A generalization of Bottema's theorem
Consider $A$, $B$, $C$ as complex numbers, and choose a $\lambda\in{\mathbb R}$. Then $$F=A+\lambda(E-A)=A+\lambda\,i(C-A),\qquad G=B+\lambda(D-B)=B+\lambda(-i) (C-B)\ .$$ It follows that $$H={1\over2}(F+G)={1\over2}(A+B)+{\lambda i\over2}(B-A)\ .$$
Basically here we mimic the proof from cut-the-knot, but replacing congruence with similarity:
Let
$$\frac {AH}{AG} = \frac {BI}{BD} = a$$
Let's drop perpendiculars $HL$, $CX$, $JK$, and $IM$ onto $AB$. (I forgot to label $X$)

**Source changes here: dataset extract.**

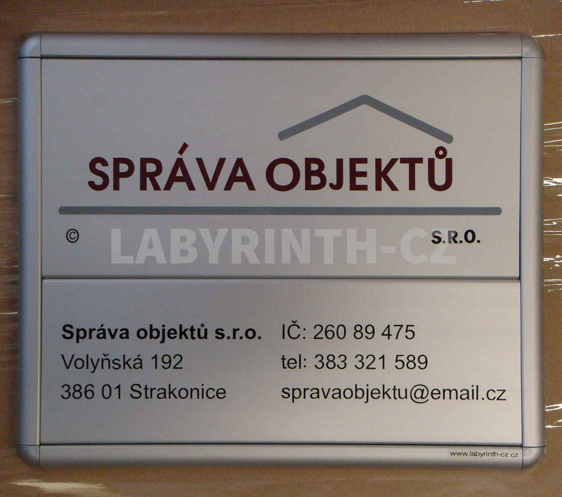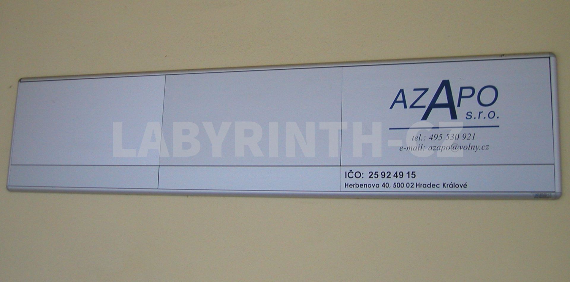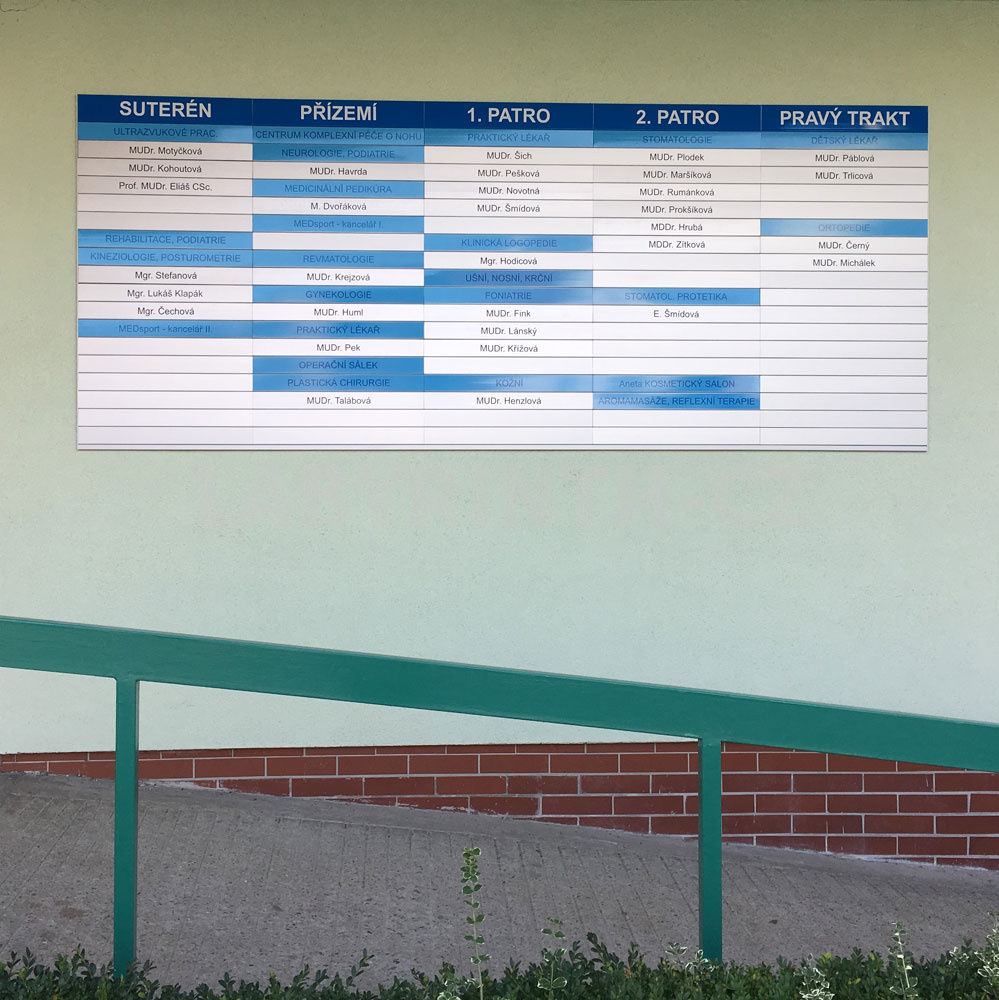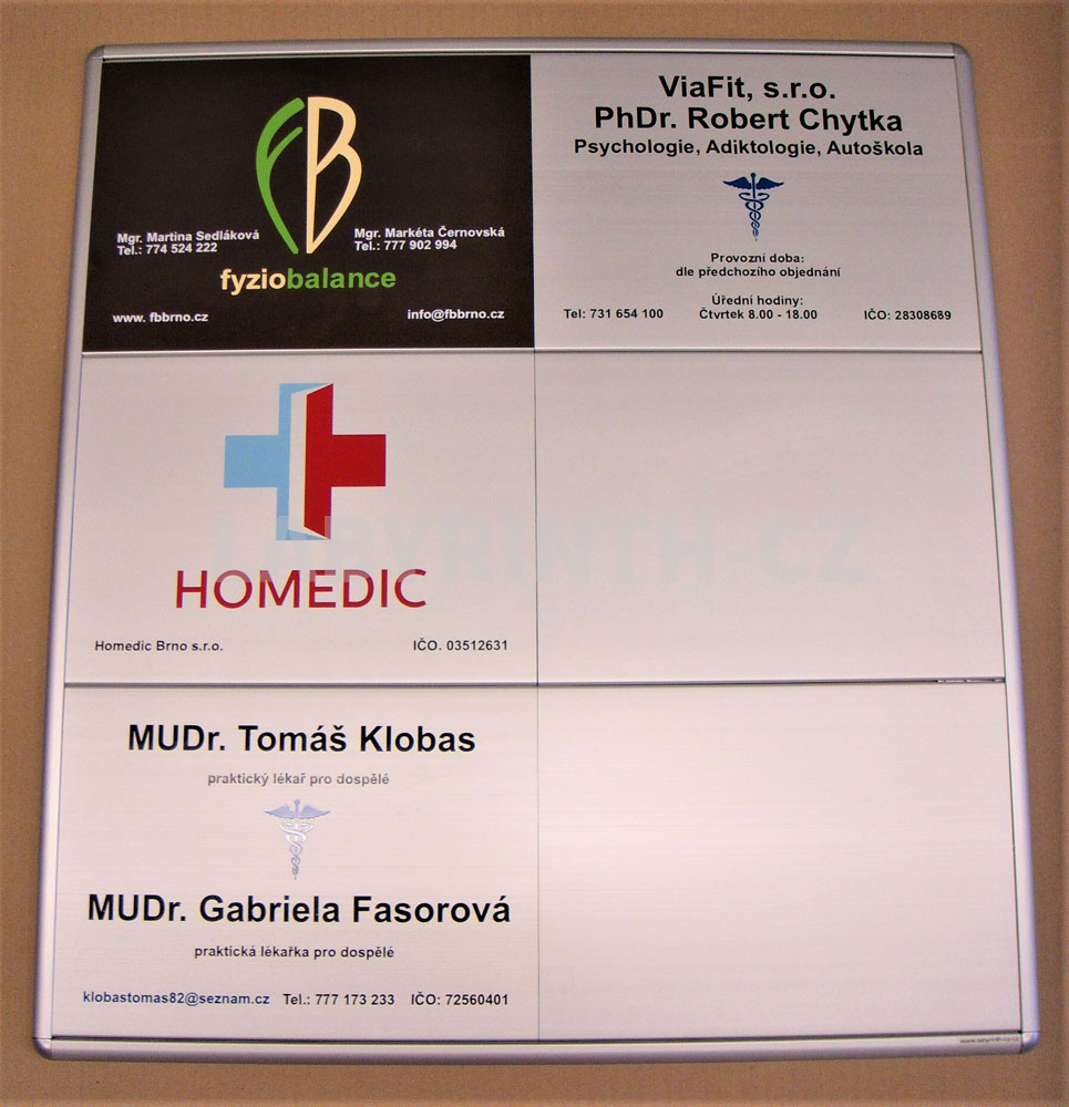 i grafika opravitelné. Jednotlivé „řádky” se u všech informačních tabulí dají snadno zaměňovat za jiné, prohazovat, měnit jejich pořadí nebo doplňovat o nové. Pokud je potřeba starý text nahradit novým (např. do budovy nebo do areálu přibude nová firma), starý nápis se opatrně odstraní (sloupne) a místo něj se nalepí nový. Každá takováto změna u všech námi vyráběných informačních a orientačních tabulí a cedulí je snadná, rychlá a navíc s minimálními náklady, neboť původní hliníková konstrukce zůstává beze změny.

$JK$ is the midline of trapezoid $HLMI$ so that
$$JK = \frac {HL + IM}2$$
Further, since $\angle HAC$ is right, $\angle HAL$ and $\angle CAX$ are complementary which makes right triangles $\triangle HAL$ and $\triangle ACX$ similar, implying
$$HL=aAX$$
Similarly,
$$IM=aBX$$
Taking all three identities into account shows that
$$JK = \frac {HL + IM}2 = \frac a2 (AX+BX) = \frac a2 AB = aAK$$
independent of $C$. No trigs but tricks.
EDIT: I see how I can prove that $AK=KB$.
By the previous similar triangles ($\triangle HAL \sim \triangle ACX$ and $\triangle IBM \sim \triangle BCX$), we have:
$$AL = k CX = BM$$
By midline theorem, $LK = KM$.
Therefore $AK = LK-AL=KM-BM=KB$.
This shows that (finally!) $J$ is fixed, since it is at a fixed distance "above" the midpoint of $AB$.
A little angle-chasing shows that the target point (here, $K$) is the midpoint of a side of a particular, symmetrically-situated parallelogram, which in turn shows that, for a given ratio $\lambda$, the point's position relative to side $\overline{AB}$ is independent of the position of $C$.
Note: $c$ is half of $|AB|$ in the figure.
FYI: If the right angles are formed "the other way" at $A$ and $B$, then the corresponding midpoint is the reflection of $K$ across $\overline{AB}$. Proof is left as an exercise to the reader.